• Work request: Starting with the line that holds "山东省聊城市茌平县贾寨镇农民", repeat each line through the last one below, exactly. Pictures stay out.

>>>>

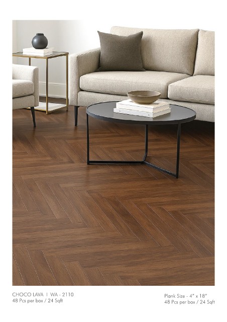 CHOCO LAVA I WA - 2110 Plank Size - 4” x 18” 48 Pcs per box / 24 Sqft 48 Pcs per box / 24 Sqft
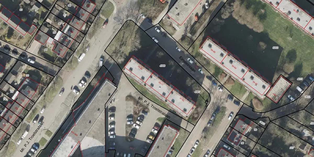 Het perceel waarop Einsteinlaan 71 staat heeft een oppervlakte van 1997 m². Dit is een zeer groot perceel. De perceeloppervlakte wordt geregistreerd door het Kadaster. Gedetailleerde informatie over de maten van dit perceel kunt u vinden in het rapport Kadastrale kaart met maatvoering van Einsteinlaan 71.
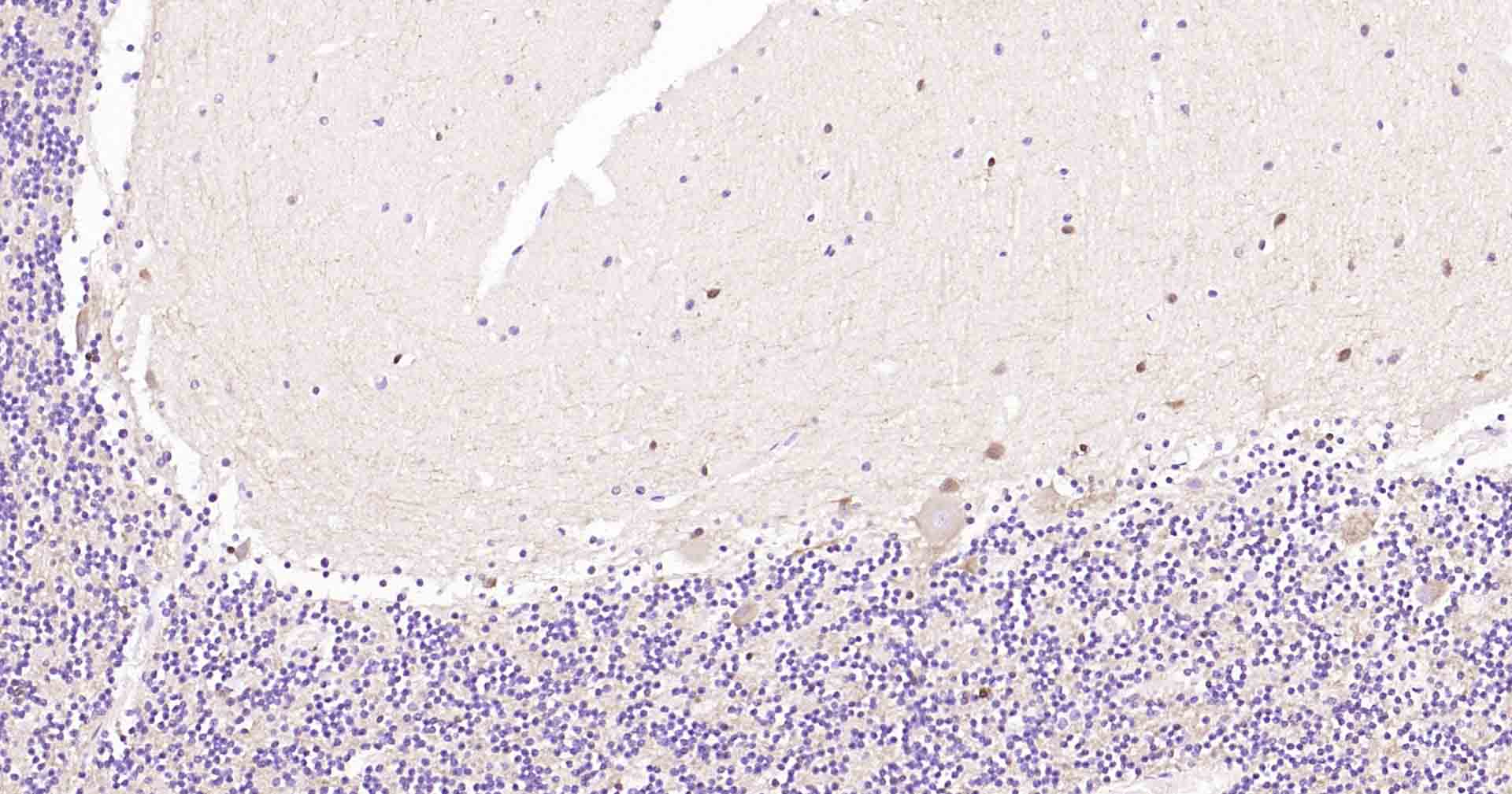 Paraformaldehyde-fixed, paraffin embedded Human Cerebellum; Antigen retrieval by boiling in sodium citrate buffer (pH6.0) for 15 min; Antibody incubation with Human Tau-4 Monoclonal Antibody, Unconjugated(bsm-41722M) at 1:200 overnight at 4°C, followed by conjugation to the SP Kit (Mouse, sp-0024) and DAB (C-0010) staining.
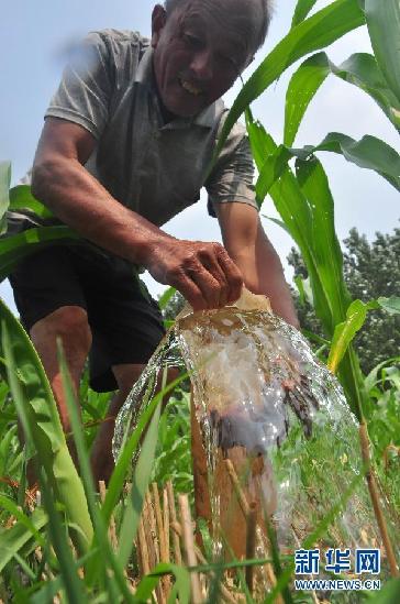 山东省聊城市茌平县贾寨镇农民给干枯的玉米浇水。 6月份以来,山东省降水量比历年同期偏少近五成,加之持续高温晴热天气,致使旱情迅速蔓延发展。截至7月18日,山东8500多万亩农作物中有1282万亩在田作物受旱,50余万人出现临时性饮水困难,山东已于18日启动抗旱三级应急响应,多地采取行动积极抗旱。
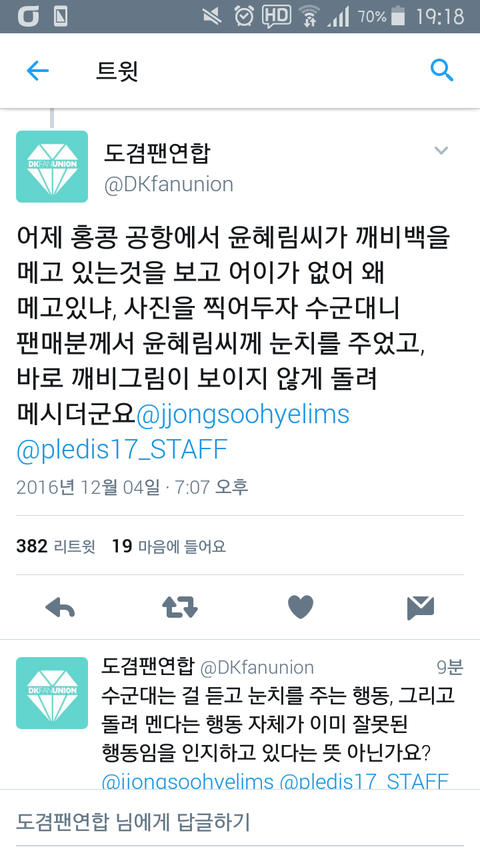 팬들 다 있는 공항에서 그걸 착용하고 있어 왜
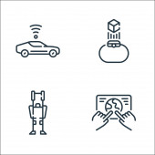 Zdjęcie "technologia przyszłych ikon linii. zestaw liniowy. wysokiej jakości zestaw linii wektorowych, takich jak dźwig, cpu, d drukarki, kopuła, robot, smarthome, autonomiczny samochód, cyborg" może być wykorzystywane do celów osobistych i komercyjnych zgodnie z warunkami zakupionej licencji Royalty-free. Obraz jest dostępny do pobrania w jakości wysokiej rozdzielczości do 5760x3840.

<<<<

• Final answer:
 山东省聊城市茌平县贾寨镇农民给干枯的玉米浇水。 6月份以来,山东省降水量比历年同期偏少近五成,加之持续高温晴热天气,致使旱情迅速蔓延发展。截至7月18日,山东8500多万亩农作物中有1282万亩在田作物受旱,50余万人出现临时性饮水困难,山东已于18日启动抗旱三级应急响应,多地采取行动积极抗旱。
 팬들 다 있는 공항에서 그걸 착용하고 있어 왜
 Zdjęcie "technologia przyszłych ikon linii. zestaw liniowy. wysokiej jakości zestaw linii wektorowych, takich jak dźwig, cpu, d drukarki, kopuła, robot, smarthome, autonomiczny samochód, cyborg" może być wykorzystywane do celów osobistych i komercyjnych zgodnie z warunkami zakupionej licencji Royalty-free. Obraz jest dostępny do pobrania w jakości wysokiej rozdzielczości do 5760x3840.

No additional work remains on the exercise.